LAC stand-off: India, China to hold 12th round of military-level talks on Saturday

The talks are slated to commence at 10 am at Moldo Garrison of People’s Liberation Army, China

LAC stand-off: India, China to hold 12th round of military-level talks on Saturday

On February 10 this year, troops of either side started the ‘disengagement’ process from along the banks of Pangong Tso, a 135-km glacial lake. Representative image: iStock

Ajay Banerjee

Tribune News Service

New Delhi, July 30

Senior military commanders of India and China will be meeting for another round of talks on July 31 to make yet another attempt to diffuse tensions and ‘pull back’ from the military posturing along the 832-km long Line of Actual Control (LAC) In Eastern Ladakh.

This is the first meeting at the level of Lt Generals since April 9 and will be the 12th round of senior military-level talks since June 6 last year between the two sides.

The talks are slated to commence at 10 am at the Moldo Garrison of the People’s Liberation Army (PLA), China. Moldo, located at the western edge of the Spanngur Tso (lake), faces the Indian garrison at Chushul in Eastern Ladakh.

Lt Gen PGK Menon, the 14 Corps Commander, will lead the talks from the Indian side.

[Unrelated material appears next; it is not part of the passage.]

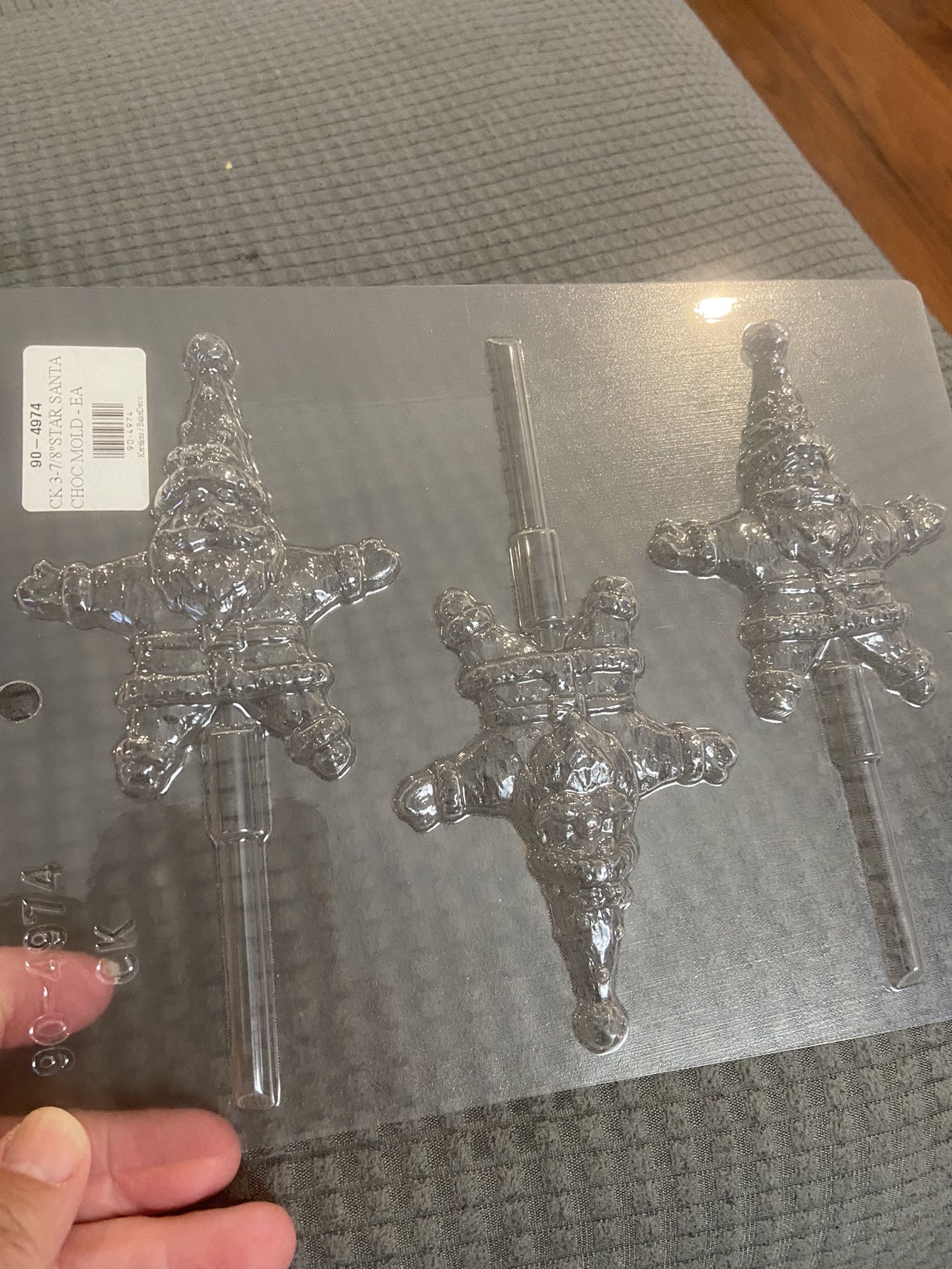 New never used I have two molds they are $5 each Santa sucker/lollipop chocolate mold Great for Christmas parties or classroom treats Reusable Easy to clean I have many chocolate molds listed check out my other listings Pick up in Covina or I can ship.

Expected on the agenda is the ‘disengagement and de-escalation’ of troops, weapons and equipment from Gogra and Hot Springs, two flash points along the LAC. The Chinese do not want to bring up the discussion on troop buildup in Depsang plains at the talks.

India, on the other hand, suggested a graded and phased time-bound complete ‘disengagement and de-escalation’ from all along the 832 km of LAC in Eatsern Ladakh.  Depsang is a flat plateau of 972 square km at an altitude of 16,000 feet. The Indian Army holds a majority of the Depsang plains, while the PLA holds the eastern edge of the plains.  The two sides have built up troops since May last year.

More than 15 months into the military stand-off in Eastern Ladakh, India and China are not agreeable on the sequence of pulling back troops, the Tribune had reported on July 26 this month.  

On February 10 this year, troops of either side started the ‘disengagement’ process from along the banks of Pangong Tso, a 135-km glacial lake. The present position of troops is not face-to-face, but they are within the striking range from where rapid redeployment is possible.

Both sides have some 75,000 troops lined up on either side of the LAC in Eastern Ladakh.

India is suggesting a three-step process be followed. The first-step being disengagement from areas where troops are within close proximity. The next two steps — de-escalation and de-induction, would entails pulling back troops and war waging equipment to the pre-April 2020 home bases.

Commanders of the PLA want ‘de-escalation and de-induction’ should happen first. The troops that would remain back within close proximity can then ‘dis-engage’ is the suggestion from PLA, sources said.

The Working Mechanism for Consultation & Coordination (WMCC) on India-China border affairs met virtually on June 25 and decided that next round of military level talks be conducted.

The WMCC is a group which has representatives of foreign ministries and militaries of both sides.